Records provided: Begin

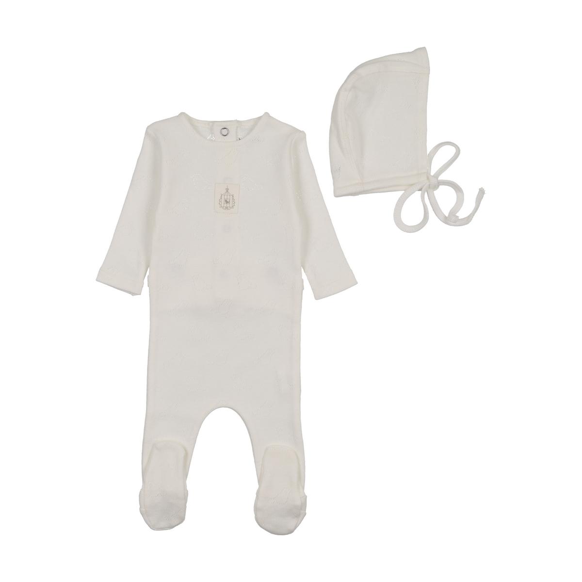 Bee & Dee Chalk White Bird Pointelle Footie Set
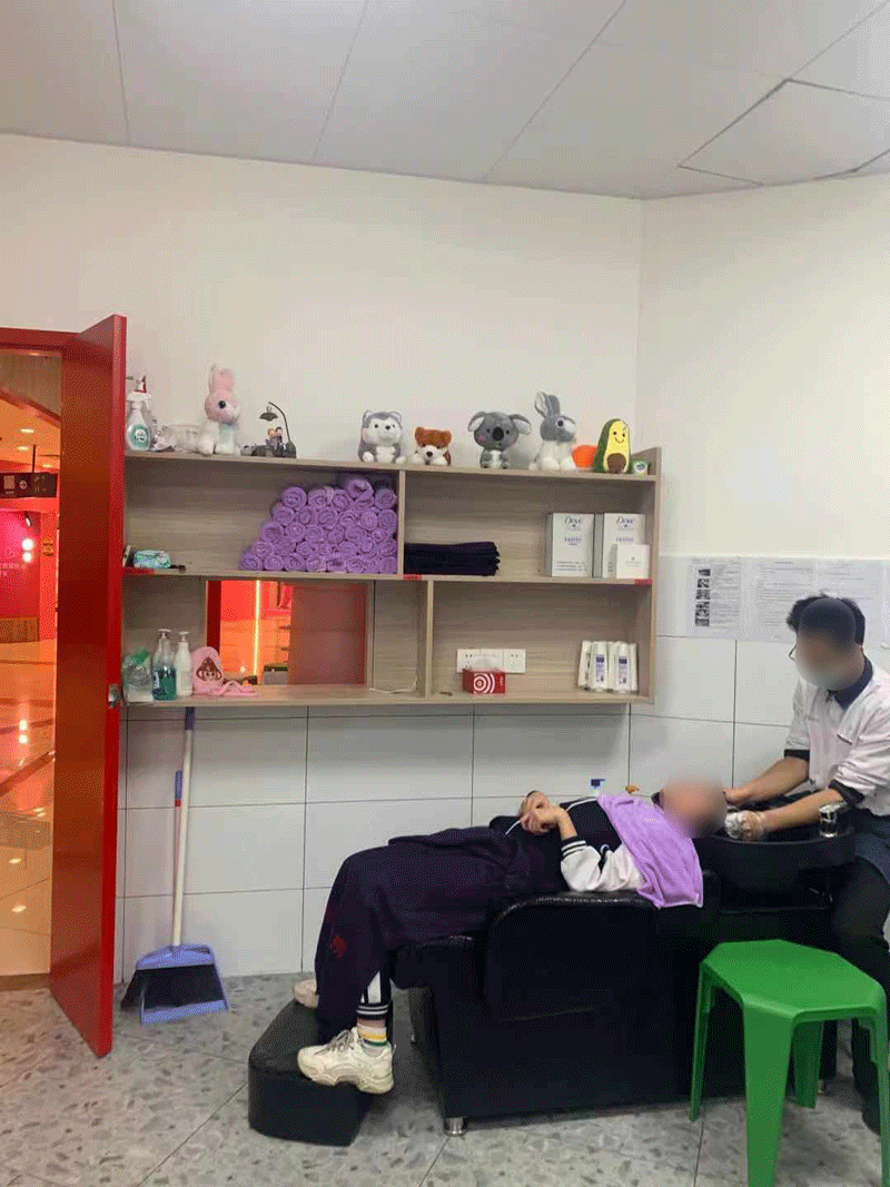 广东清远有家海底捞就设计一个小型发廊,洗头床、镜子、桌台、毛巾收纳架......有模有样。
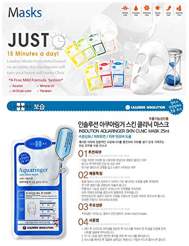 - Feature : 10 sheets / Leaders Clinic Aquaringer Skin Clinic Mask provides intense and long-lasting hydration. Diminishes dead skin cells. / Wrinkle Improvement Function certified by KFDA. / Paraben-free and dermatological tested. For all skin types, great for dry skin too.
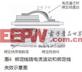 通常,逆變器設(shè)計主要考慮IGBTTjmax(最高結(jié)溫)的限制,但在混合動力車應(yīng)用中,逆變器較少處于恒定工況,加速、巡航、減速都會帶來電流、電壓的改變,由此帶來的ΔTj(結(jié)溫快速變化)將會更大程度影響IGBT的壽命,IGBT導(dǎo)通電流波動時,綁定線也會隨之擺動,對綁定線和IGBT芯片連接可靠性有較大的影響,反復(fù)的擺動可能導(dǎo)致綁定線壽命的耗盡(EOL,EndofLife),例如綁定線和IGBT芯片焊接脫落、綁定線斷裂等,直接導(dǎo)致IGBT的損壞。
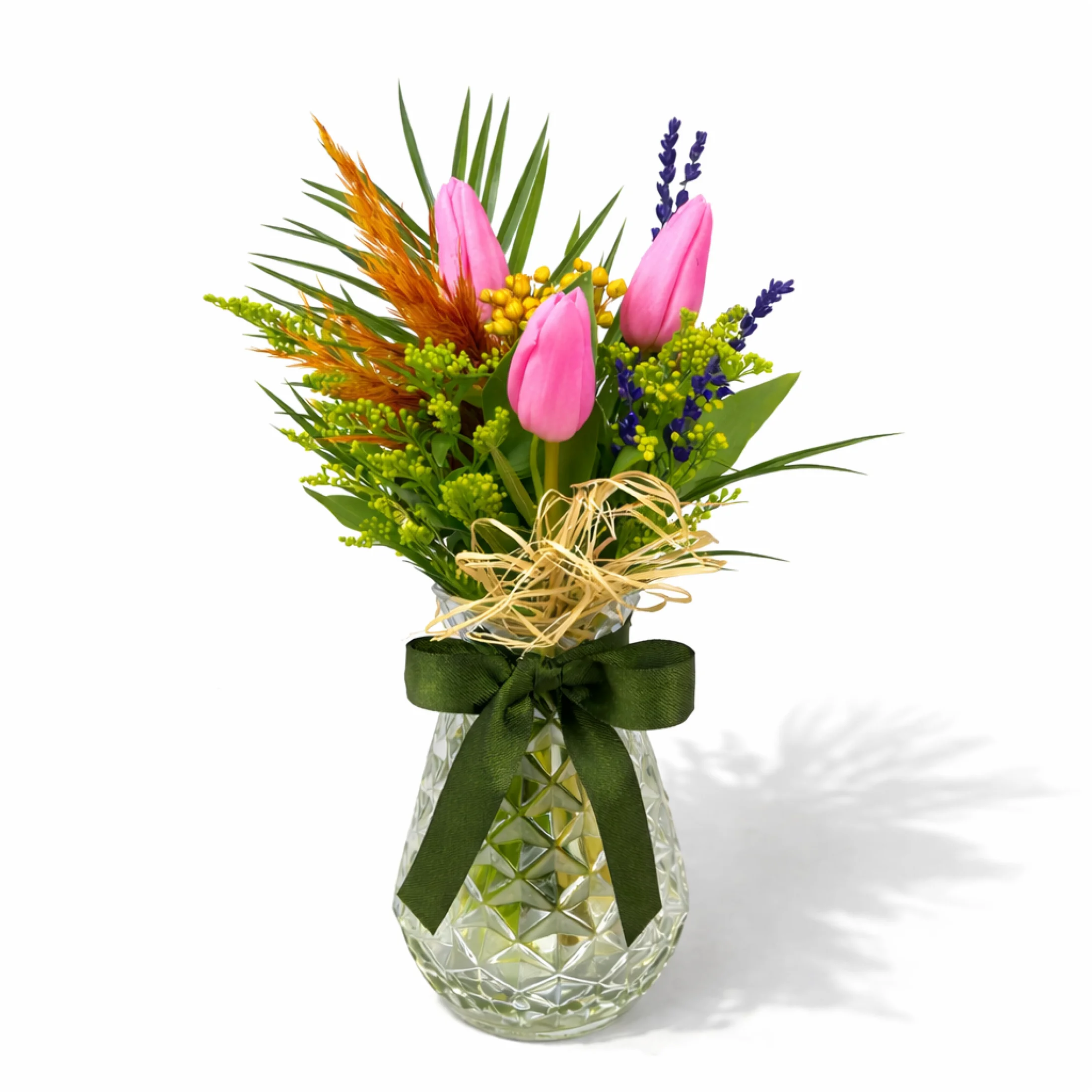 Doğal zarafet ve canlı renklerin uyumunu yansıtan Pembe Lale Lavanta Zarafeti Vazo Aranjmanı, cam dekoratif vazo içerisinde hazırlanan şık ve modern bir çiçek tasarımıdır. Aranjmanın merkezinde yer alan 3 adet pembe lale, sevgi, zarafet ve içten duyguları simgeler. Lavanta dalları, dekoratif yeşillikler ve doğal kuru çiçek dokunuşları ile zenginleştirilen bu tasarım, bulunduğu ortama ferah ve doğal bir atmosfer kazandırır.

Records provided: End

## [About this task]
The required answer is every line from the one containing "- Feature : 10" through the last line of the entries, restated word for word and with no pictures.

## [Answer space]
 - Feature : 10 sheets / Leaders Clinic Aquaringer Skin Clinic Mask provides intense and long-lasting hydration. Diminishes dead skin cells. / Wrinkle Improvement Function certified by KFDA. / Paraben-free and dermatological tested. For all skin types, great for dry skin too.
 通常,逆變器設(shè)計主要考慮IGBTTjmax(最高結(jié)溫)的限制,但在混合動力車應(yīng)用中,逆變器較少處于恒定工況,加速、巡航、減速都會帶來電流、電壓的改變,由此帶來的ΔTj(結(jié)溫快速變化)將會更大程度影響IGBT的壽命,IGBT導(dǎo)通電流波動時,綁定線也會隨之擺動,對綁定線和IGBT芯片連接可靠性有較大的影響,反復(fù)的擺動可能導(dǎo)致綁定線壽命的耗盡(EOL,EndofLife),例如綁定線和IGBT芯片焊接脫落、綁定線斷裂等,直接導(dǎo)致IGBT的損壞。
 Doğal zarafet ve canlı renklerin uyumunu yansıtan Pembe Lale Lavanta Zarafeti Vazo Aranjmanı, cam dekoratif vazo içerisinde hazırlanan şık ve modern bir çiçek tasarımıdır. Aranjmanın merkezinde yer alan 3 adet pembe lale, sevgi, zarafet ve içten duyguları simgeler. Lavanta dalları, dekoratif yeşillikler ve doğal kuru çiçek dokunuşları ile zenginleştirilen bu tasarım, bulunduğu ortama ferah ve doğal bir atmosfer kazandırır.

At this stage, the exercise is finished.